Information literacy can be paired with Visual literacy skills. It is part of a process called Paratextual reading. Paratextual means accompanying the text with other forms of literacy, or texts. For instance, a mixed media approach to books could be aligning renditions of Pride and Prejudice and Zombies graphic novel with the original novel format.

Relatable Content

Paratextual reading is about utilising any known facet of literature, or media and comparing and analysing the information together. It is about relatable themes, pulling out the best bits of each work (whether a music video, podcast or book) and integrating that relatable content with the thing you’re writing about now.
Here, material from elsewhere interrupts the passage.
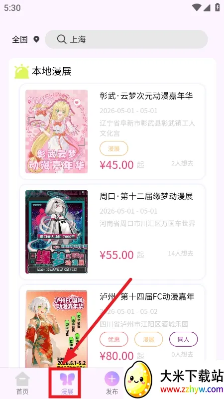 2、浏览列表或搜索,选择目标漫展进入详情页。
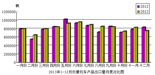 2013年12月份,摩托車產(chǎn)品出口75.00萬(wàn)輛,比上月下降了9.56%,比去年同期下降了10.04%,出口金額4.04億美元,與去年同期下降了8.33%。

It’s about relatable themes, pulling out the best bits of each work

An example is a book review about Jane Austen’s Pride & Prejudice. Most of you know the story before, and in your book review or report you can relate the content of the book with the movie adaption featuring Kiera Knightley (2005) for instance. Or using the beloved BBC TV series adaptation featuring the extremely likeable Colin Firth as Mr. Darcy. Or in fact, you can cross-reference the adaptation Pride and Prejudice and Zombies book (all of these items are in the library FYI).

But what about visual literacy?

Yes, this too can be intertwined in information literacy skills. Mixed media approaches to understanding information are key to any scholarly report, or school subject. Being critical of graphic and illustrative examples of works is a great way to show breadth and depth of understanding. It also highlights the critical nature of understanding texts. Film critics rely heavily on these skills to understand the emotion of a film, its historical accuracy and the music which ties in the ultimate rendition of the text being portrayed. It can really make or break a film as to the message it is trying to convey through story-telling.
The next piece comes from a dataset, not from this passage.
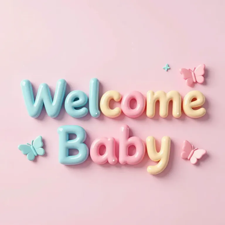 A glossy, balloon-like 'Welcome Baby' sign with pastel colors and butterflies, illuminated by soft, diffused light from above, creating gentle highlights and shadows. The clean, solid pink background enhances the vibrant, playful arrangement of the text and butterflies.
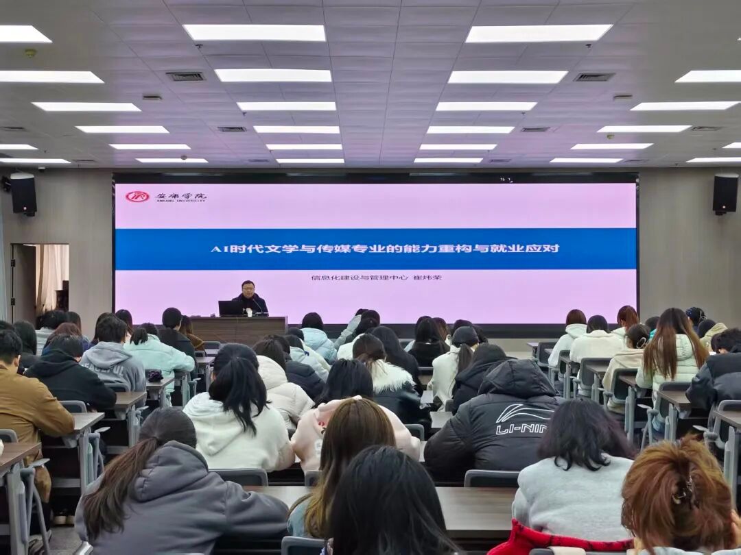 崔炜荣以“AI时代文学与传媒专业的能力重构和就业应对”为题,从“AI的三次变化演进”“专业岗位的重构与升级”“核心能力的升值与贬值”“毕业生应对策略”四个维度,为同学们进行了深度解析与实战指导。针对人工智能逐步渗透内容生产全环节的行业现状,他总结了可替代性工作的共同特征,剖析文字采编、视频编导、内容策划等专业岗位的发展变化,并鼓励同学们充分发挥“人”的主体性优势,善用AI工具放大自身专业价值,重点培养高判断、高洞察、高审美、高整合的核心竞争力,实现与AI的协同发展。

Visual literacy is about reading, with your senses – mostly your eyes, it is the visual clues within a text (be it video, book or game) that allows you to pick up on the right information and to interpret the results appropriately. It conveys the message of the text, and can be instrumental in ordering how you understand a text and how you use a text.
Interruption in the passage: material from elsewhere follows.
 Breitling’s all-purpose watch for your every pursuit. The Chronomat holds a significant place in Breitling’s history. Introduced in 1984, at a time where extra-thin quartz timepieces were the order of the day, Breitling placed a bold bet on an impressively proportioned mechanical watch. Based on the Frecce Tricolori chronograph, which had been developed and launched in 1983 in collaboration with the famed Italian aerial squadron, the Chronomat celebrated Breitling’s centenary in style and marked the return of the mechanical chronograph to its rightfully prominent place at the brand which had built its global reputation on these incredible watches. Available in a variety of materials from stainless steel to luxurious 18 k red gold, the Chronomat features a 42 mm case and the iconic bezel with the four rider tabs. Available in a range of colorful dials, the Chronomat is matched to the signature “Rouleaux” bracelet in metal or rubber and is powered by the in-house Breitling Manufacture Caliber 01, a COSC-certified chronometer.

It is the visual clues within a text that allows you to pick up on the right information

This includes the colour of the book, its font, the illustrations used or not used, and the layout of the text – even across movies, these factors determine your understanding and comprehension. It allows us to be lulled into a false impression of the information it contains, by being advertised as wholesome or eye-catching. Some colours represent shock and awe, such as most military books, or lighter tones for cooking books. This breathes an intimacy of trust to a text and it helps you determine what is trustworthy information and where it is to be avoided.

Read (and watch) more

Test out your newfound visual and paratextual literacy skills today with the complete Pride and Prejudice Info Lit Bundle™ below:

Pride and prejudice / Austen, Jane

The OG classic in all its glory.


Pride & prejudice (2005)

Let your visual exploration of this text begin here. Keira Knightley and Matthew MacFadyen await!


Pride and prejudice (1995)

The famous BBC adaptation. Look Colin Firth in the eyes and tell him you aren’t going to watch it. Can’t do it? Yeah. We thought so.


Pride and prejudice and zombies : the classic Regency romance — now with ultraviolent zombie mayhem / Grahame-Smith, Seth

I mean it pretty much does what it says on the tin.